At this juncture I am going to go and have some lunch and leave it for yourself to ponder dear Léopold.





New York, May 2, 2013

Dear Lucy,

It has been a long time since we last sent each other a letter to think together about the way architecture and law interact with each other. I apologize, for it was my turn to write you.

In your last letter, you were reflecting on the strange collision of the Indian policy of eminent domain with the slums—or what I would slyly call “immanent domain.” You were talking about this collision in Bangalore; I happen to know Mumbai better, as I lived in that city for a few months in 2009, but I assume that the two situations are relatively similar. Eminent and immanent domains constitute a form of violence towards the law, as they both “break” a traditional understanding of property.
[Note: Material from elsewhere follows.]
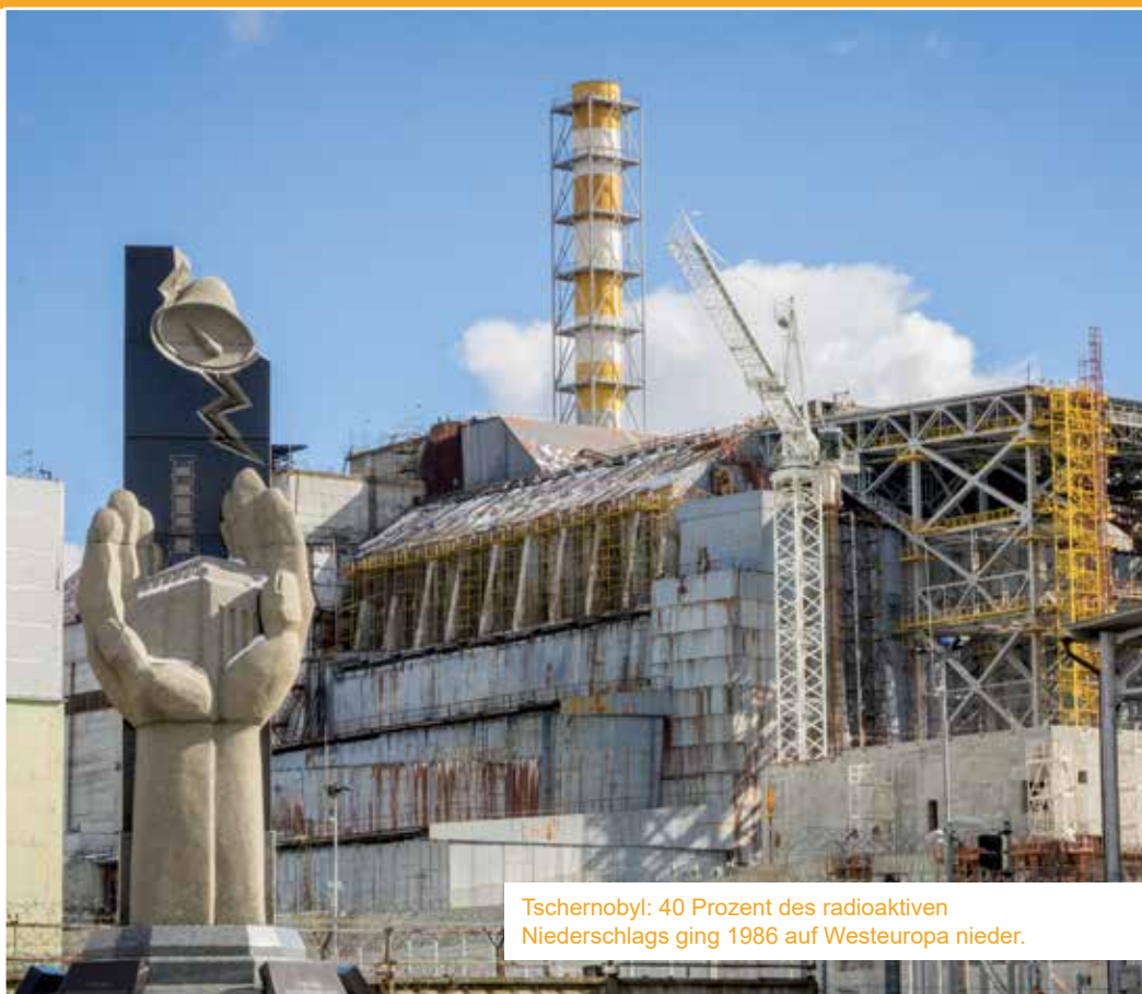
Tschernobyl: 40 Prozent des radioaktiven Niederschlags ging 1986 auf Westeuropa nieder.

Weltweit sind zwischen 40 und 60 neue Atomkraftwerke im Bau bzw. in der Planung. Wie groß die Gefahr noch immer ist, zeigen die zahlreichen Störfälle, die gemäß der Internationalen Bewertungsskala für nukleare und radiologische Ereignisse verzeichnet werden. Dabei wird auf einer Skala von 0 bis 7 der Schweregrad festgestellt. Die Liste der Unfälle, die die Stufe 4 (Radioaktives Material wurde freigesetzt, mindestens ein Toter) übersteigen, zählt seit 1980 insgesamt 10 Fälle, darunter die bekanntesten Reaktorkatastrophen 2011 in Fukushima, Japan und 1986 in Tschernobyl in der damaligen Sowjetunion. Meldepflichtige Zwischenfälle bis Stufe 4 werden aber alleine in Deutschland rund 100 pro Jahr verzeichnet oder rund 30 in der Schweiz. Die Folgen der beiden bekanntesten Katastrophen in Tschernobyl und Fukushima sind bis heute schwer

In the first case, the municipality or the state expropriates a group of people, while in the second case, a group of people claims a piece of territory that does not belong to them in order to build their dwelling. Two things ought to be noted. The first is that, contrary to immanent domain, eminent domain somehow registers within the legal system, even though it seems to contradict the law at first sight. The second is that, while eminent domain unfolds itself on an inhabited territory/building, immanent domain exists on a land/structure that is either the object of estate speculation or that has not received enough financial funds to be developed. I know that you are very interested in how the various squats of the world are questioning the legitimacy of our definition of property, and I am sure that you have already thought extensively about these two notes.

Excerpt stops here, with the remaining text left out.